Seymour Duncan’s Fooz Analog Fuzz Synthesizer can energize guitar-based creativity in similar ways. It’s capable of sounds from subtle to severely mutilated, and its many fuzz, modulation, and filtering textures can make chords and licks you’ve flogged to death sound fresh. It is also versatile—with fuzz, modulation, and filtering sections that can be used independently in familiar ways, or combined to generate complex mutant sounds. And with an interface and circuit that mimics an analog synth in many respects, it encourages the kind of unconscious, creative wandering and tone sculpting that makes an old Moog so much fun.

The Fuzz Bone’s Connected to the Mod’ Bone
If you’ve tinkered with old analog synths, you’ll probably find the Fooz’s simpler-than-it-looks control set familiar and inviting. The effects are grouped in modular blocks dedicated to the fuzz, the LFO-driven modulation section, and the filter controls. There’s also an envelope sensitivity control that regulates the sweep and dynamic reactivity of the envelope filter. The two footswitches bypass the effect and provide tap tempo input for the modulation rate.

The Fooz’ top panel is streamlined, too. Lacking stereo capabilities or MIDI control options, the I/O set is limited to an input, an output, and an expression pedal input. But the top panel is also home to a small recessed area featuring eight DIP switches that enable you to reverse the direction of the envelope sweep, reverse envelope control of rate and depth of the LFO, and assign functions including volume, frequency, rate, and depth to an expression pedal (not included).

There’s a lot to be said for the intuitive tweaking process and the ease with which you can extract rich, highly usable sounds.

Pulses, Sweeps, and Formidable Fuzz
Though some may lament the Fooz’s lack of MIDI control and other options that add power and complexity to guitar synths and synth-type pedals, there’s a lot to be said for the ease with which you can extract rich, highly usable sounds.

The Fuzz section alone is remarkable for its many shades of gain. With the gain at near-zero settings you can almost dial out the fuzz entirely, though the output retains a touch of grit and some of the fuzz’s snorkely mid-forward voice.
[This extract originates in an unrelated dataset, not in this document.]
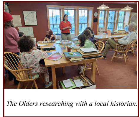
The Olders researching with a local historian.
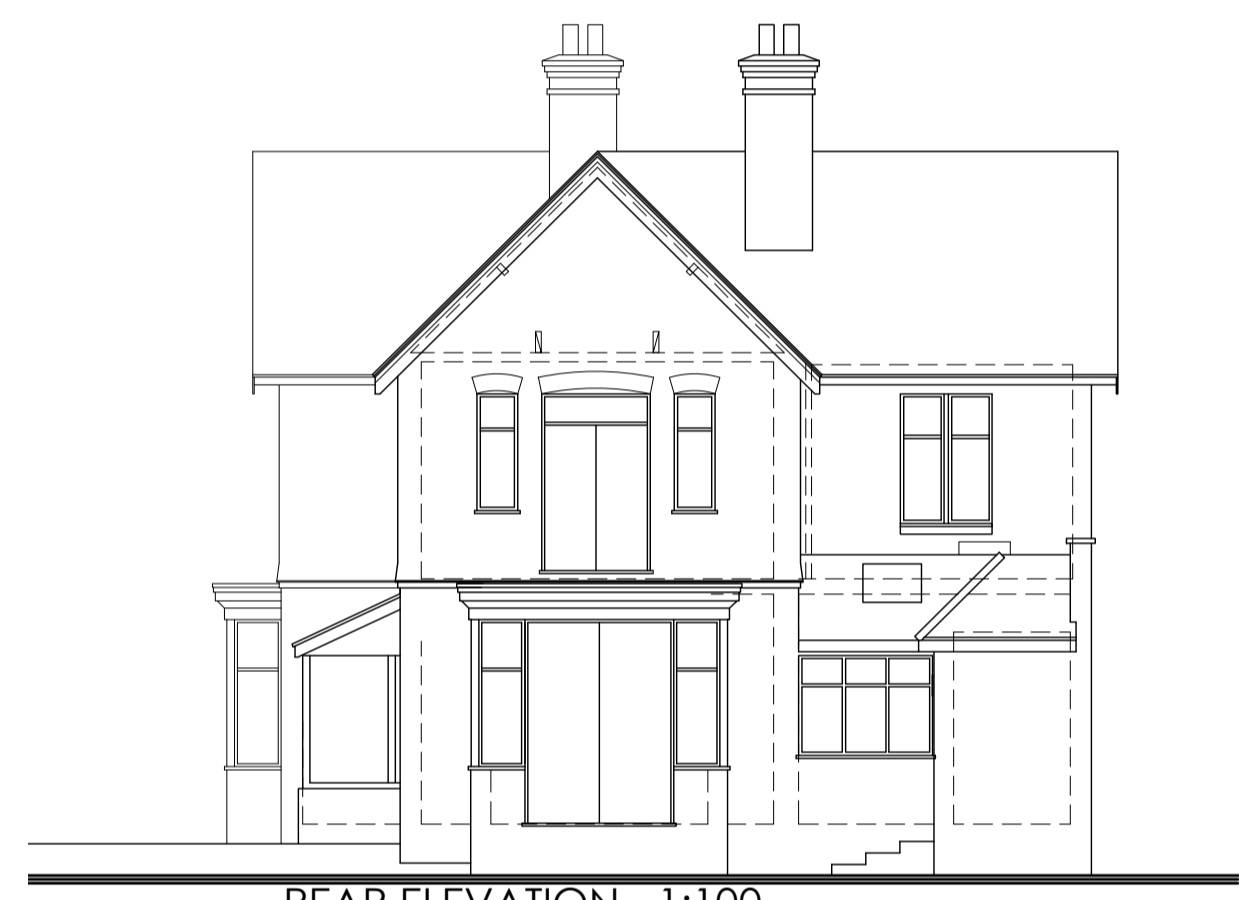
REAR ELEVATION - 1:100

The fuzz itself, as suits a circuit requiring consistent input to drive the LFO and filters, is not the most dynamic, but it’s got a great deal of character. The basic voice has characteristics of a slimmed down, treblier Big Muff and something like a silicon Fuzzrite. It’s buzzy, sustains for days, and isn’t colored too heavily on either side of the frequency spectrum. Those qualities make it ideal for tone shaping with the filter section. My favorite fuzz sounds came via the band pass filter setting, which I could fine tune with the frequency and resonance controls. The low pass filter helps you shape some of the fattest, synthiest fuzz tones and gives you leeway to introduce more dramatic resonant peaks with the resonance control. Both the frequency and resonance controls have excellent range, by the way, and can be used for detailed sculpting and radical tone shifts.

Wobbling Your Way Home
The LFO section can be used as a tremolo or to modulate the filtered output with an un-modulated tone in parallel. Both applications are a blast. The tremolo is flexible, with rangy controls for rate and depth, a waveform knob that enables blends of sine, sawtooth, and square waves, and a wave shape control that enables you to tailor ramp-up and ramp-down rates. You can also modify the tremolo radically with the filter and envelope sections, and adding emphasis to specific frequencies with the filter section can color the tremolo pulses in myriad ways.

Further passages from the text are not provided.